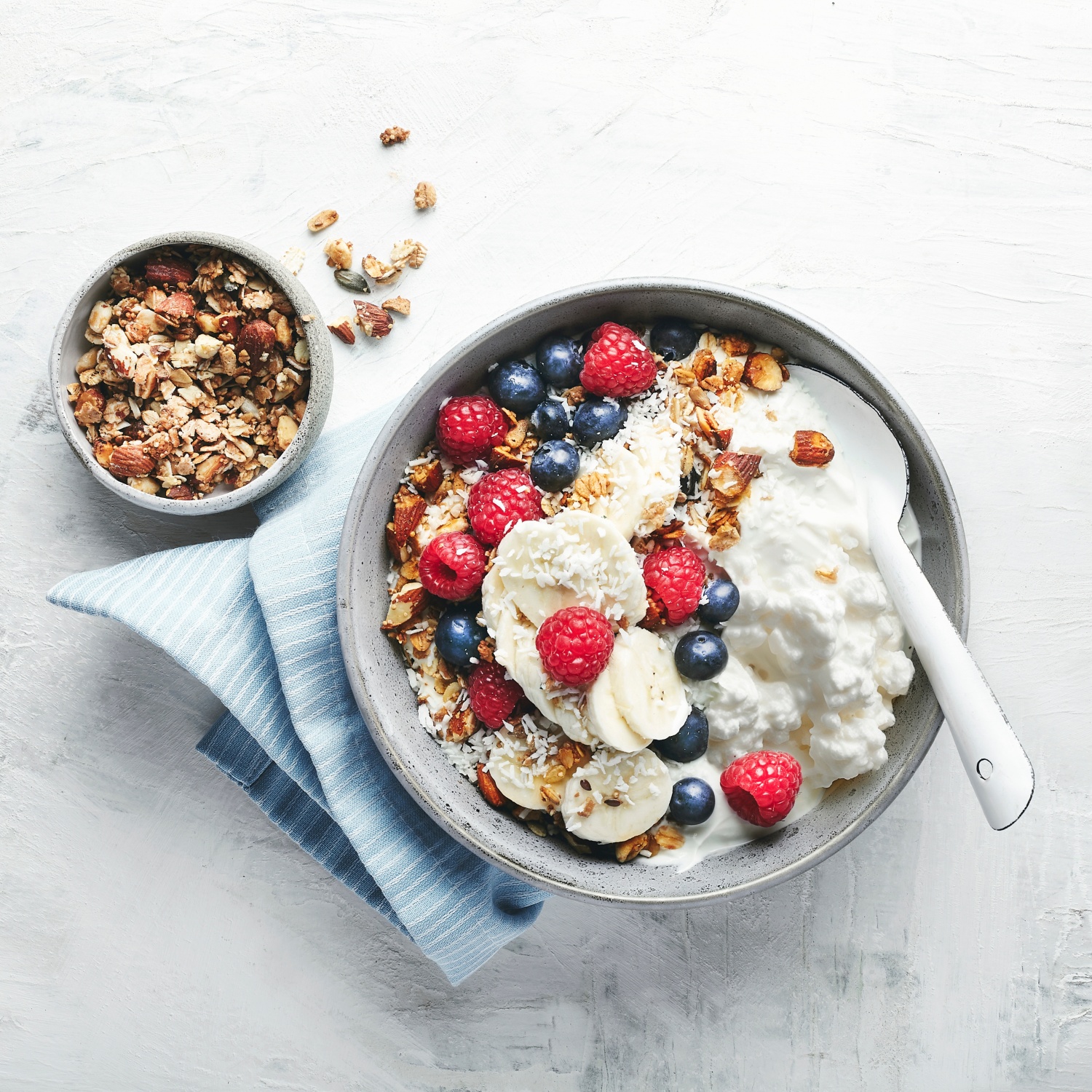 - Den Joghurt und den körnigen Frischkäse verrühren und in Müslischalen anrichten, mit den Bananenscheiben und den Heidelbeeren dekorieren. Mit Granola-Topping und Kokosraspeln garniert servieren.
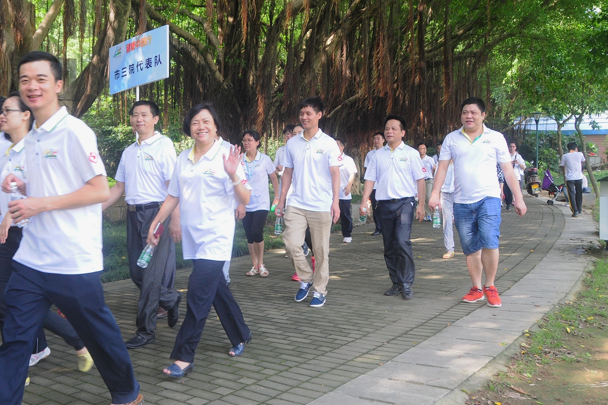 啟動儀式結束后,200多名活動參與者在惠州市第三人民醫(yī)院本部對面的東江沙公園舉行了“每天一萬步,健康我做主”的健走活動。
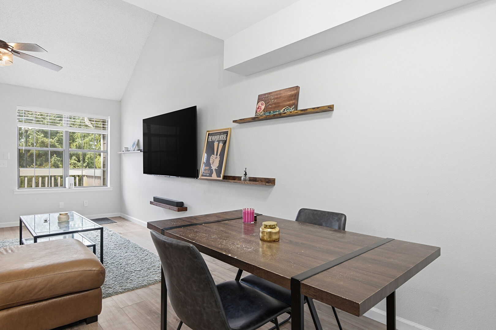 Baseboards Wall, Ceiling Fan, Drywall, Natural Light, Vent, Wood Finish Floor, Drywall, Vaulted Ceiling
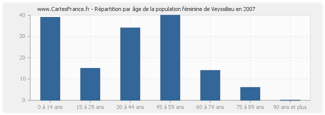 - Femmes de 0 à 14 ans habitant Veyssilieu : 39
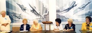 Monday evening, after two trips to the airport to meet arriving flights, we congregated in the hotel lounge. The six WAFS— Nancy Batson Crews, BJ Erickson London, Teresa James Martin, Gertrude Meserve Tubbs LeValley, Barbara Poole Shoemaker and Florene Miller Watson — totally captivated the serving staff and the young men and women—new employees because the hotel was newly opened—fought for the opportunity to bring them drinks and food and then hung around for conversation.
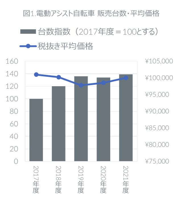 電動アシスト自転車の平均価格は上昇傾向にあり、2021年度の税抜き平均価格は100,001円と前年度から1%上昇した。特にホーム車、ミニサイクルの価格が上昇しており、ホーム車は104,177円と2%、ミニサイクルは92,450円と2%それぞれ前年度から上昇した。その結果、販売金額は前年比5%増と堅調であった。
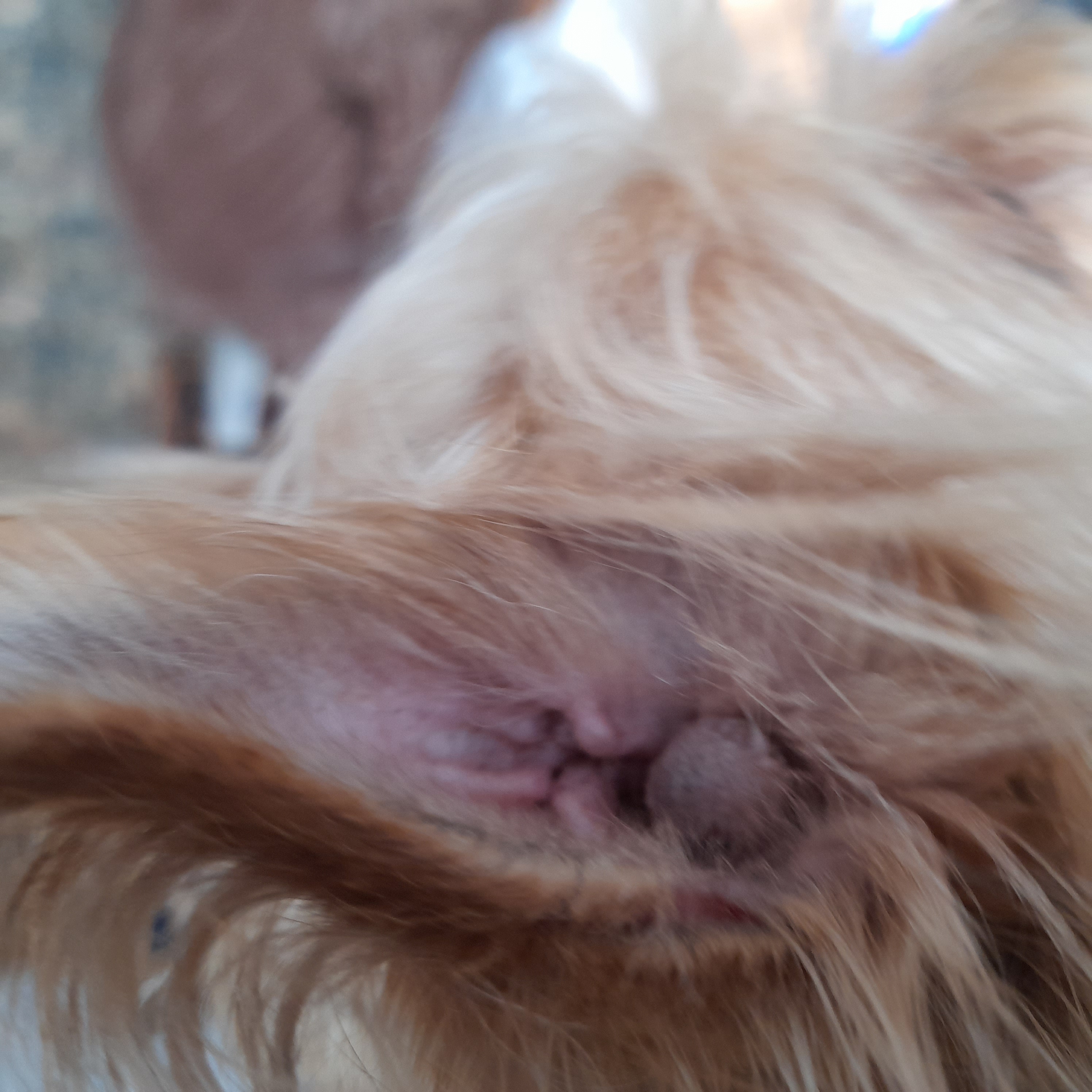 Dobrý den. Podle snímku to spíš pripada na pevný útvar. Nemyslím si, že by pomohla propolisova mast a rizikový olej.Radeji navštivte veterináře. D pozdravem MVDr Jančík .
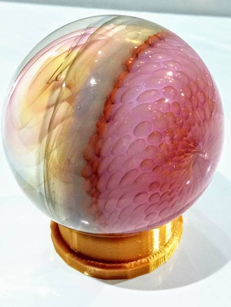 A PINK- ELECTRUM SNAKESKIN MARBLE by Rochester, MN glassblower Seth Auger.
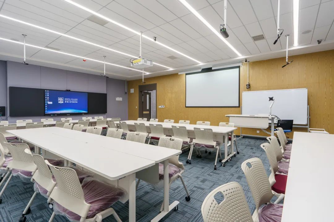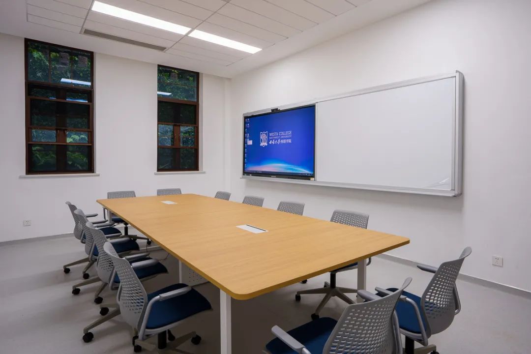 配备多个会议室,其中远程视频教学会议系统支持中澳三校三方实时远程高清视频会议。
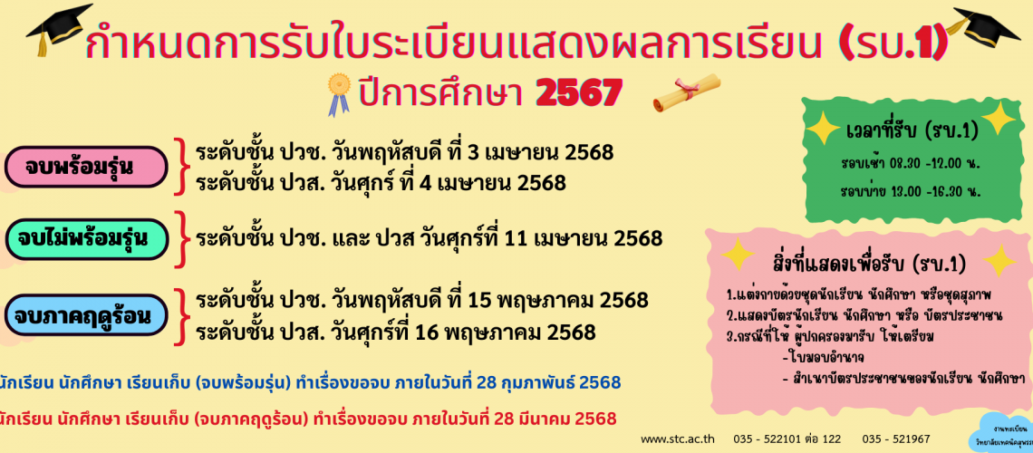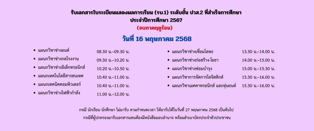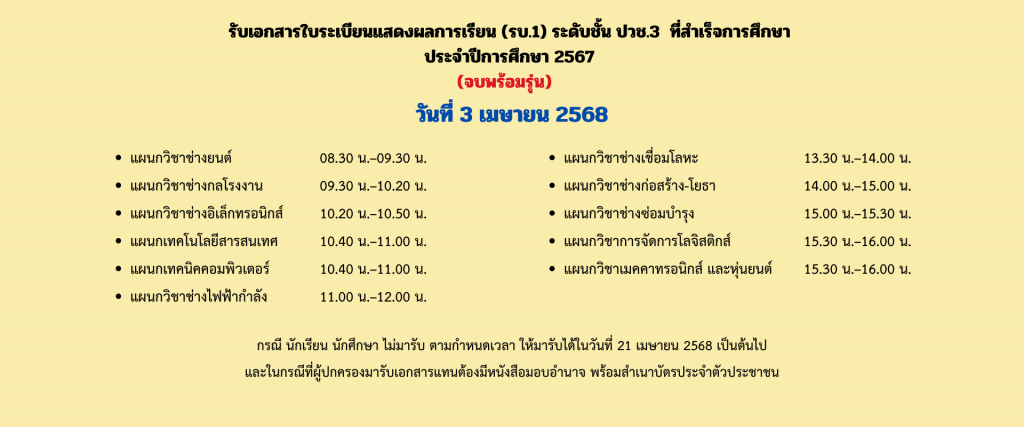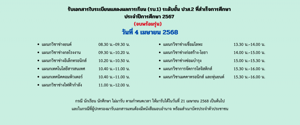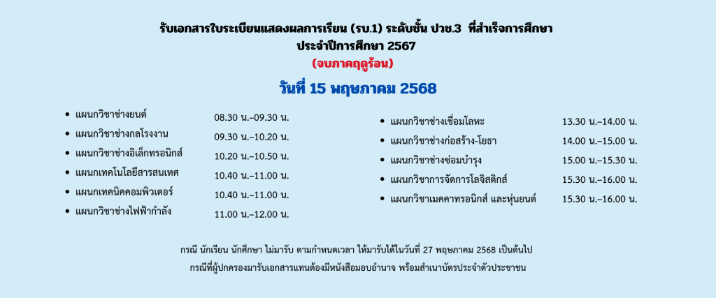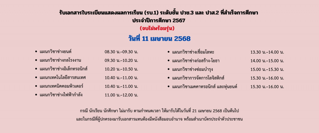 กำหนดการรับเอกสารใบระเบียนแสดงผลการเรียน (รบ.1) ระดับชั้น ปวช.3 และ ปวส.2 ที่สำเร็จการศึกษา ปีการศึกษา 2567

▬▬▬▬▬▬▬▬▬▬

__Task instructions__: The lines to copy run from the one with "電動アシスト自転車の平均価格" through the end of the material. Write them out exactly, leaving out the pictures.

__Answer section__:
 電動アシスト自転車の平均価格は上昇傾向にあり、2021年度の税抜き平均価格は100,001円と前年度から1%上昇した。特にホーム車、ミニサイクルの価格が上昇しており、ホーム車は104,177円と2%、ミニサイクルは92,450円と2%それぞれ前年度から上昇した。その結果、販売金額は前年比5%増と堅調であった。
 Dobrý den. Podle snímku to spíš pripada na pevný útvar. Nemyslím si, že by pomohla propolisova mast a rizikový olej.Radeji navštivte veterináře. D pozdravem MVDr Jančík .
 A PINK- ELECTRUM SNAKESKIN MARBLE by Rochester, MN glassblower Seth Auger.
 配备多个会议室,其中远程视频教学会议系统支持中澳三校三方实时远程高清视频会议。
 กำหนดการรับเอกสารใบระเบียนแสดงผลการเรียน (รบ.1) ระดับชั้น ปวช.3 และ ปวส.2 ที่สำเร็จการศึกษา ปีการศึกษา 2567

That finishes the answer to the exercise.